Colantuono Rossella, Pavanello Chiara, Pietrobattista Andrea, Turri Marta, Francalanci Paola, Spada Marco, Vajro Pietro, Calabresi Laura, Mandato Claudia
Department of Medicine, Surgery and Dentistry "Scuola Medica Salernitana", University of Salerno, Baronissi, Italy.
Dipartimento di Scienze Farmacologiche e Biomolecolari, Centro E. Grossi Paoletti, Università degli Studi di Milano, Milan, Italy.
Front Pediatr. 2022 Aug 4;10:969081. doi: 10.3389/fped.2022.969081. eCollection 2022.
Lipoprotein X (LpX) - mediated extremely severe hyperlipidemia is a possible feature detectable in children with syndromic paucity of intralobular bile ducts (Alagille syndrome) but rarely in other types of intra- and/or extrahepatic infantile cholestasis.

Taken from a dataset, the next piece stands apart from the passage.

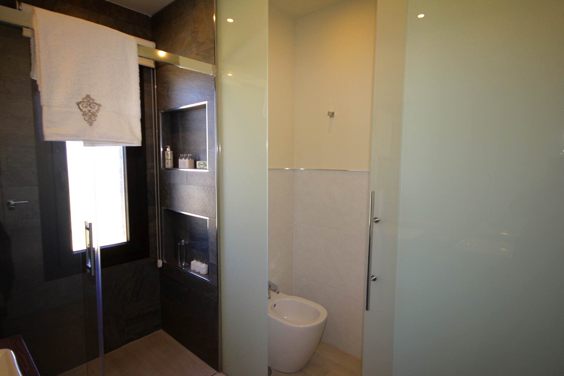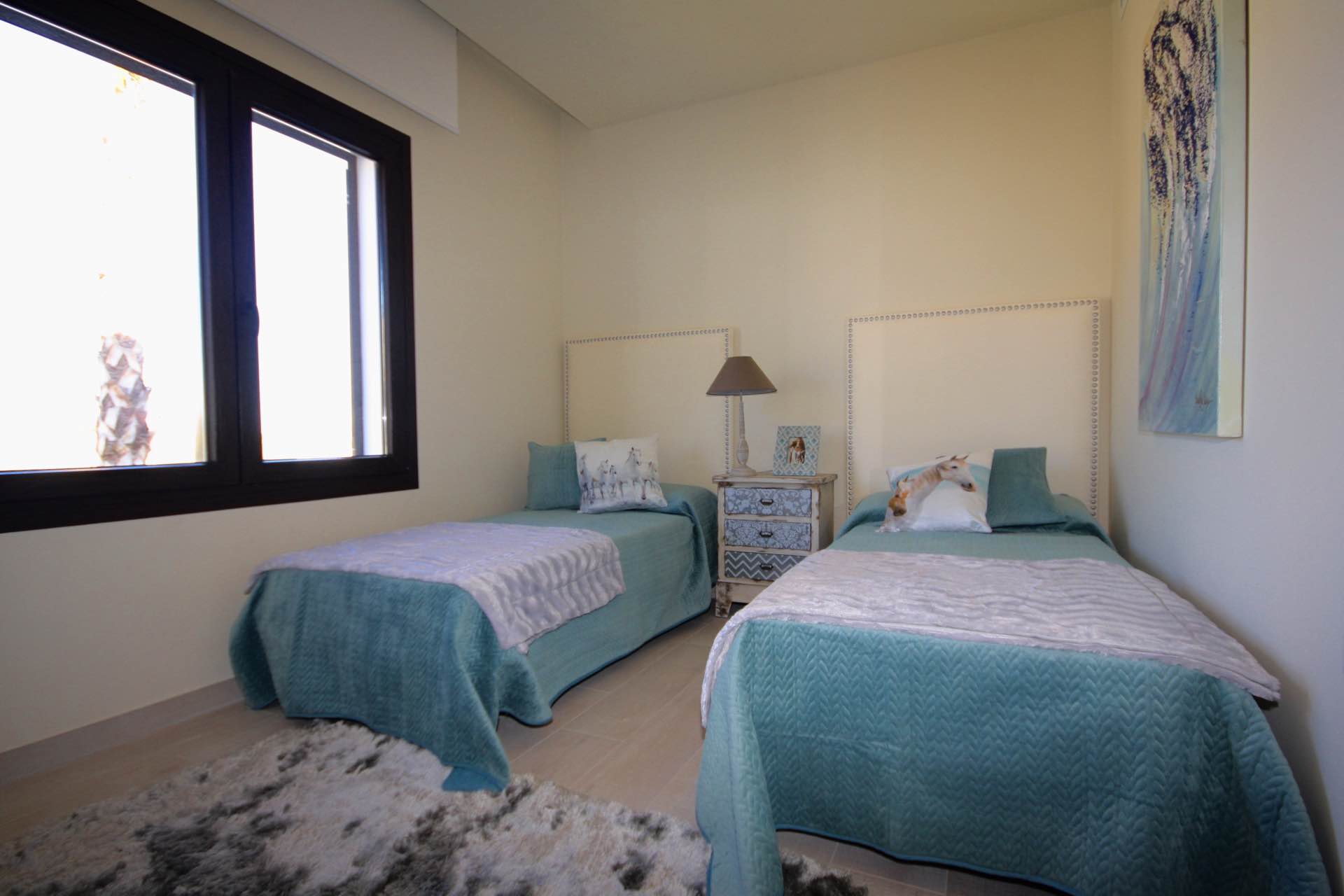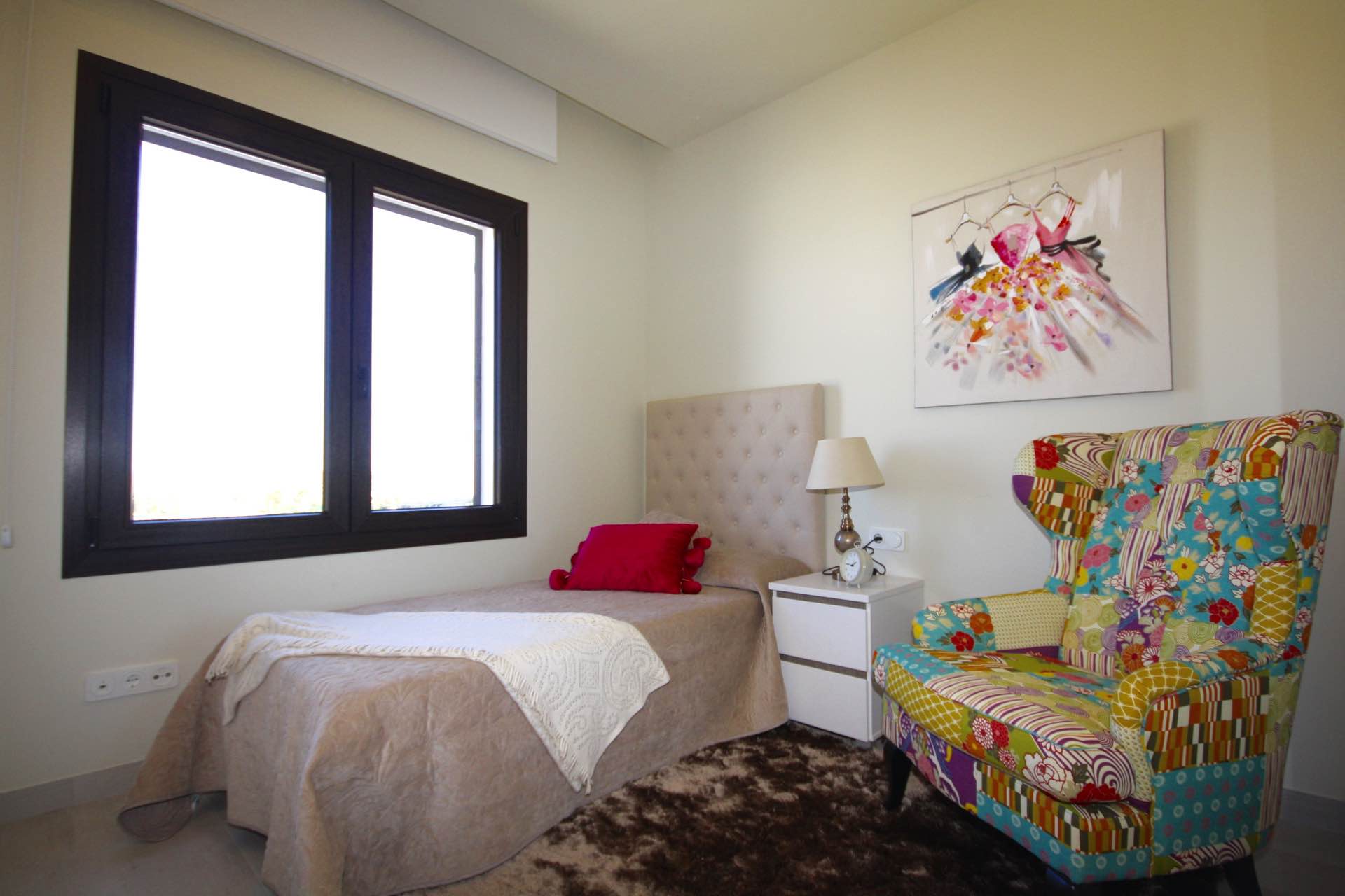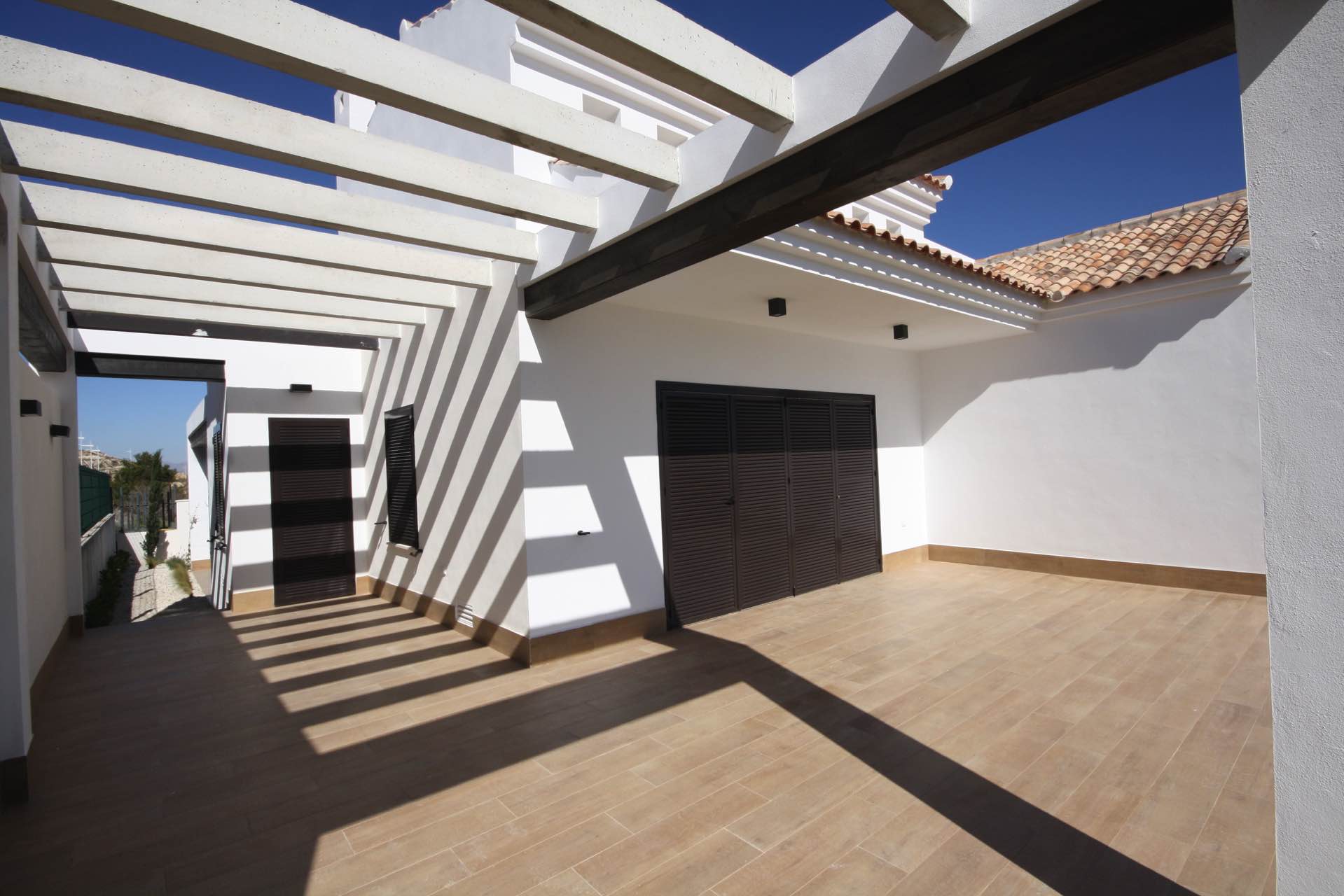 På La Finca Golf finder du denne smukke villa. Villaen tilbyder 3 soveværelser med dobbeltsenge og 2 badeværelser, det store soveværelse har en-suite badeværelse. Arkitekturen er traditionel spansk stil på og interiøret er i førsteklasses materialer. Store vinduer ud til terrassen lukker masser af naturligt lys ind i den rummelige stue og åbne køkken. Villaen har privat parkeringsplads. Den sydvendte terrasse ligger op ad den fælles swimmingpool. La Finca Golf tilbyder en af de mest populære 18-hullers golfbaner på Costa Blanca, i smukke omgivelser og har en betagende udsigt til de omkringliggende bjerge. Udover golfbanen finder du også et 5-stjernet hotel med spa-faciliteter og forskellige restauranter.

Here we report on a previously well 18-month child admitted for cholestatic jaundice and moderate hepatomegaly. Laboratory tests at entry showed conjugated hyperbilirubinemia, elevated values of serum aminotransferases, gamma-glutamyl transpeptidase (GGT) and bile acids (100 folds upper normal values). Extremely severe and ever-increasing hypercholesterolemia (total cholesterol up to 1,730 mg/dl) prompted an extensive search for causes of high GGT and/or hyperlipidemic cholestasis, including an extensive genetic liver panel (negative) and a liver biopsy showing a picture of obstructive cholangitis, biliary fibrosis, and bile duct proliferation with normal MDR3 protein expression. Results of a lipid study showed elevated values of unesterified cholesterol, phospholipids, and borderline/low apolipoprotein B, and low high-density lipoprotein-cholesterol. Chromatographic analysis of plasma lipoproteins fractions isolated by analytical ultracentrifugation revealed the presence of the anomalous lipoprotein (LpX). Magnetic resonance cholangiopancreatography and percutaneous transhepatic cholangiography showed stenosis of the confluence of the bile ducts with dilation of the intrahepatic biliary tract and failure to visualize the extrahepatic biliary tract. Surgery revealed focal fibroinflammatory stenosis of the left and right bile ducts confluence, treated with resection and bilioenteric anastomosis, followed by the rapid disappearance of LpX, paralleling the normalization of serum lipids, bilirubin, and bile acids, with a progressive reduction of hepatobiliary enzymes.
We have described a unique case of focal non-neoplastic extrahepatic biliary stenosis of uncertain etiology, presenting with unusual extremely high levels of LpX-mediated hypercholesterolemia, a condition which is frequently mistaken for LDL on routine clinical tests.
脂蛋白X(LpX)介导的极重度高脂血症是小叶内胆管综合征(阿拉吉尔综合征)患儿可能出现的一种特征,但在其他类型的肝内和/或肝外婴儿胆汁淤积中很少见。
我们在此报告一名18个月大的此前健康儿童,因胆汁淤积性黄疸和中度肝肿大入院。入院时的实验室检查显示结合胆红素血症、血清转氨酶、γ-谷氨酰转肽酶(GGT)和胆汁酸值升高(高于正常值100倍)。极重度且不断升高的高胆固醇血症(总胆固醇高达1730mg/dl)促使对高GGT和/或高脂血症性胆汁淤积的病因进行广泛排查,包括广泛的基因肝脏检测(结果为阴性)以及肝脏活检,显示为阻塞性胆管炎、胆管纤维化和胆管增生,多药耐药蛋白3(MDR3)蛋白表达正常。血脂研究结果显示游离胆固醇、磷脂值升高,载脂蛋白B处于临界/低值,高密度脂蛋白胆固醇降低。通过分析超速离心分离的血浆脂蛋白组分的色谱分析显示存在异常脂蛋白(LpX)。磁共振胰胆管造影和经皮经肝胆管造影显示胆管汇合处狭窄,肝内胆管扩张,肝外胆管未显影。手术显示左右胆管汇合处存在局灶性纤维炎性狭窄,经切除和胆肠吻合术治疗,随后LpX迅速消失,同时血脂、胆红素和胆汁酸恢复正常,肝胆酶逐渐降低。
我们描述了一例病因不明的局灶性非肿瘤性肝外胆管狭窄的独特病例,其表现为异常高水平的LpX介导的高胆固醇血症,这种情况在常规临床检查中常被误诊为低密度脂蛋白。